**What the task asks**
Retype the records word for word. Skip every image.

# # # # #

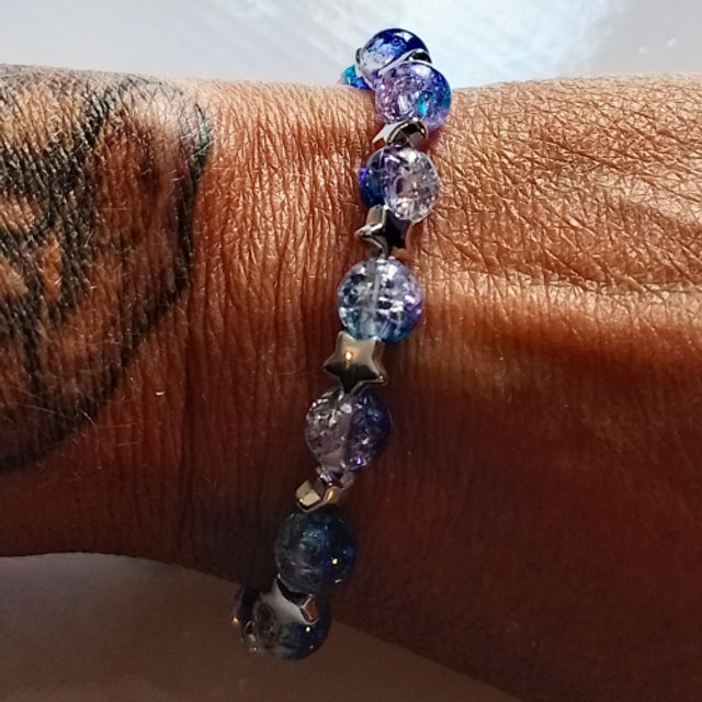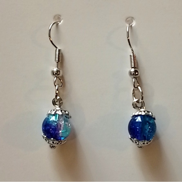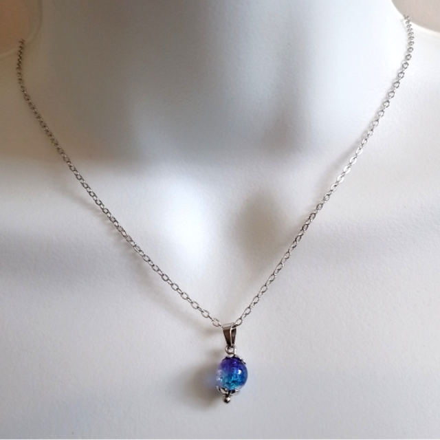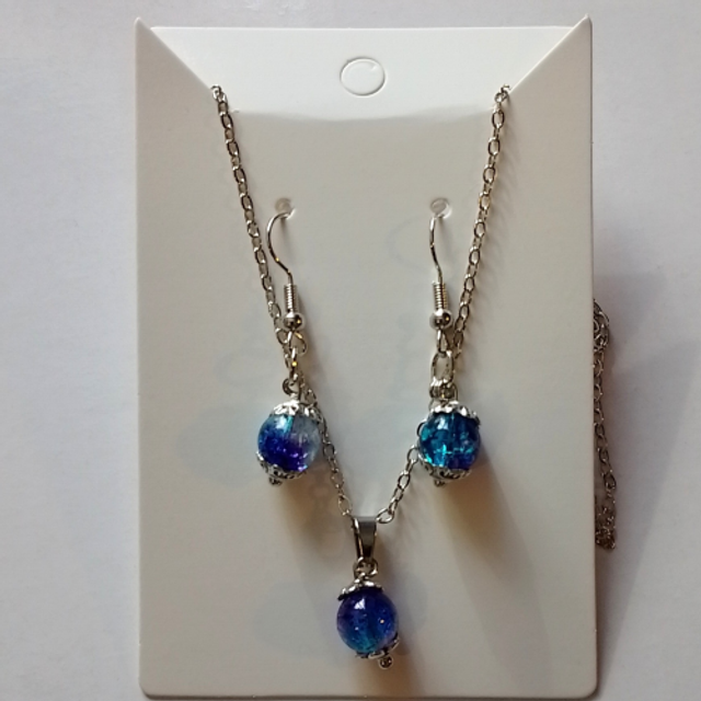 This Handmade Silver Coloured Blue Bead Necklace, Bracelet & Earring Jewellery Set offers a classic look.
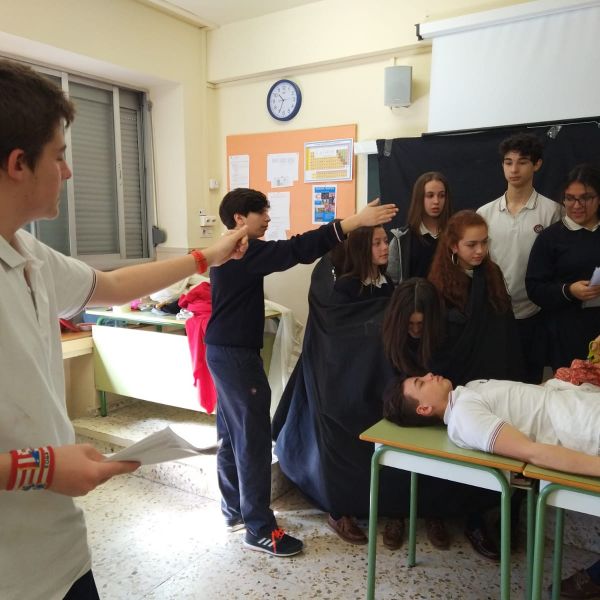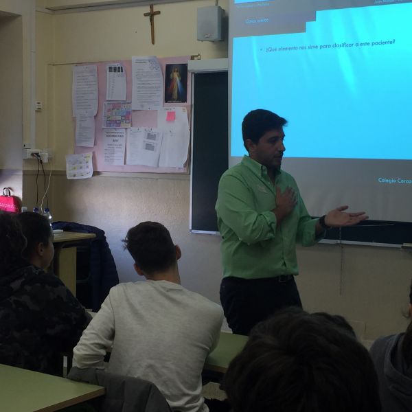 MEDICINA 1º BACH: Los alumnos de 1º de Bachillerato han asistido, durante la cuarta jornada de la Semana Temática, a un seminario sobre medicina. Ha sido impartido por el médico y ex alumno de nuestro Colegio Dr. Juan Pina Moreno. Durante esta sesión muy divertida e interactiva, los alumnos han aprendido aspectos claves en el análisis clínico, los protocolos en situaciones de urgencia, la clasificación de enfermos de urgencia, lectura del electro, tomar el pulso, toma de tensión, observación de reflejos. También las actitudes y aptitudes de un médico, prevención y salud. Finalmente los alumnos han debatido sobre vacunas.
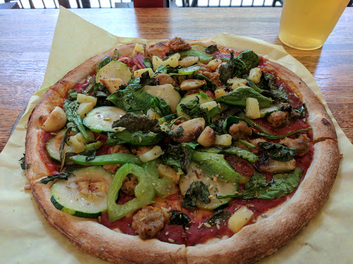 This is your typical quick service, overpriced personal pizza joint. If youve not seen one of these places let me explain. Its like Subway for pizza. You chose your pizza size and dough, then add your choice of sauce and cheese. Add any number of toppings and a drink and in about 5 minutes you have a fire baked pizza. Im a big pizza fan, but there wasnt anything special about this one. It was okay, and in a pinch, I might eat here again. Well, maybe not. The plus side is they have a good beer selection and the service was friendly.
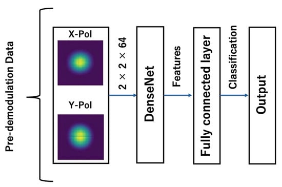 The structure of the CNN model used for optical filter shift detection is shown in Figure 11. The dataset sizes for the constellation data, both before and after demodulation, are configured as 64 × 64. Since there are two polarizations (X and Y), the input data for the CNN model are represented as a three-dimensional tensor with the dimensions 2 × 64 × 64. This structure is depicted in the accompanying figure, where each polarization contributes its own 64 × 64 grid of constellation points to form the input layer. This design enables the model to process and learn from both polarization components simultaneously, improving its performance in analyzing and detecting impairments in optical signals. After the input layer, those data are input into DenseNet [29] (DenseNet 121) implemented by PyTorch. Finally, classification values are obtained through the fully connected layer. In this experiment, the magnitude of the filter shift was divided into two cases: the first filter shift is large (51 GHz) and the second filter shift is small (26 GHz). Accumulation and Min–Max normalization were performed on the captured data.
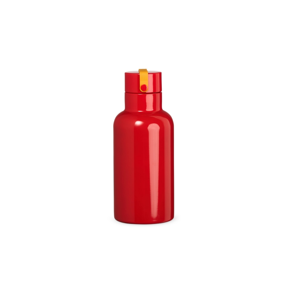 Garrafa térmica de inox 380ml. Contém tampa rosqueável e alça colorida de silicone acoplada na tampa.
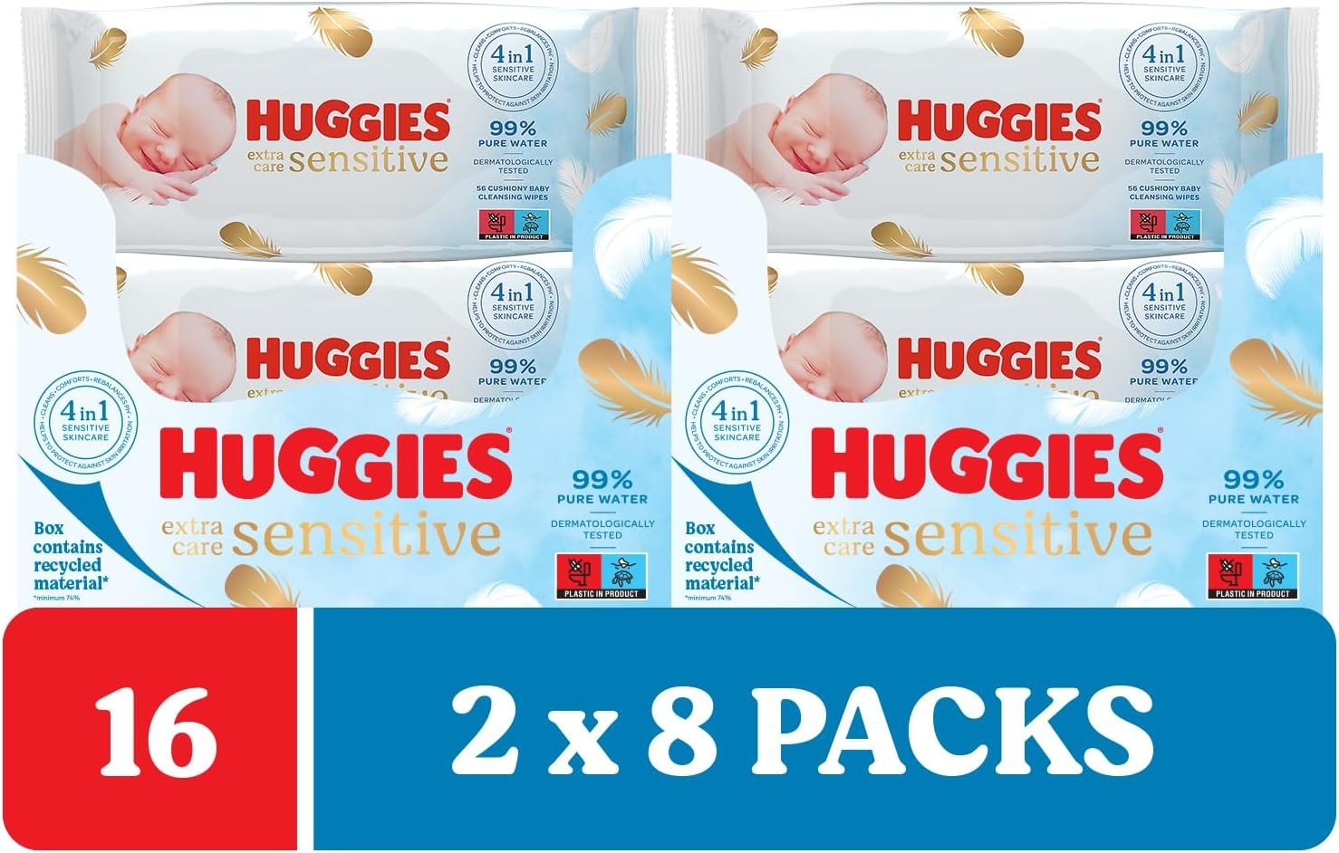 16 packs Huggies Pure Extra Care No Perfume 99% Pure Water 896 Baby Wipes

# # # # #

**Answer for this exercise**
 This Handmade Silver Coloured Blue Bead Necklace, Bracelet & Earring Jewellery Set offers a classic look.
 MEDICINA 1º BACH: Los alumnos de 1º de Bachillerato han asistido, durante la cuarta jornada de la Semana Temática, a un seminario sobre medicina. Ha sido impartido por el médico y ex alumno de nuestro Colegio Dr. Juan Pina Moreno. Durante esta sesión muy divertida e interactiva, los alumnos han aprendido aspectos claves en el análisis clínico, los protocolos en situaciones de urgencia, la clasificación de enfermos de urgencia, lectura del electro, tomar el pulso, toma de tensión, observación de reflejos. También las actitudes y aptitudes de un médico, prevención y salud. Finalmente los alumnos han debatido sobre vacunas.
 This is your typical quick service, overpriced personal pizza joint. If youve not seen one of these places let me explain. Its like Subway for pizza. You chose your pizza size and dough, then add your choice of sauce and cheese. Add any number of toppings and a drink and in about 5 minutes you have a fire baked pizza. Im a big pizza fan, but there wasnt anything special about this one. It was okay, and in a pinch, I might eat here again. Well, maybe not. The plus side is they have a good beer selection and the service was friendly.
 The structure of the CNN model used for optical filter shift detection is shown in Figure 11. The dataset sizes for the constellation data, both before and after demodulation, are configured as 64 × 64. Since there are two polarizations (X and Y), the input data for the CNN model are represented as a three-dimensional tensor with the dimensions 2 × 64 × 64. This structure is depicted in the accompanying figure, where each polarization contributes its own 64 × 64 grid of constellation points to form the input layer. This design enables the model to process and learn from both polarization components simultaneously, improving its performance in analyzing and detecting impairments in optical signals. After the input layer, those data are input into DenseNet [29] (DenseNet 121) implemented by PyTorch. Finally, classification values are obtained through the fully connected layer. In this experiment, the magnitude of the filter shift was divided into two cases: the first filter shift is large (51 GHz) and the second filter shift is small (26 GHz). Accumulation and Min–Max normalization were performed on the captured data.
 Garrafa térmica de inox 380ml. Contém tampa rosqueável e alça colorida de silicone acoplada na tampa.
 16 packs Huggies Pure Extra Care No Perfume 99% Pure Water 896 Baby Wipes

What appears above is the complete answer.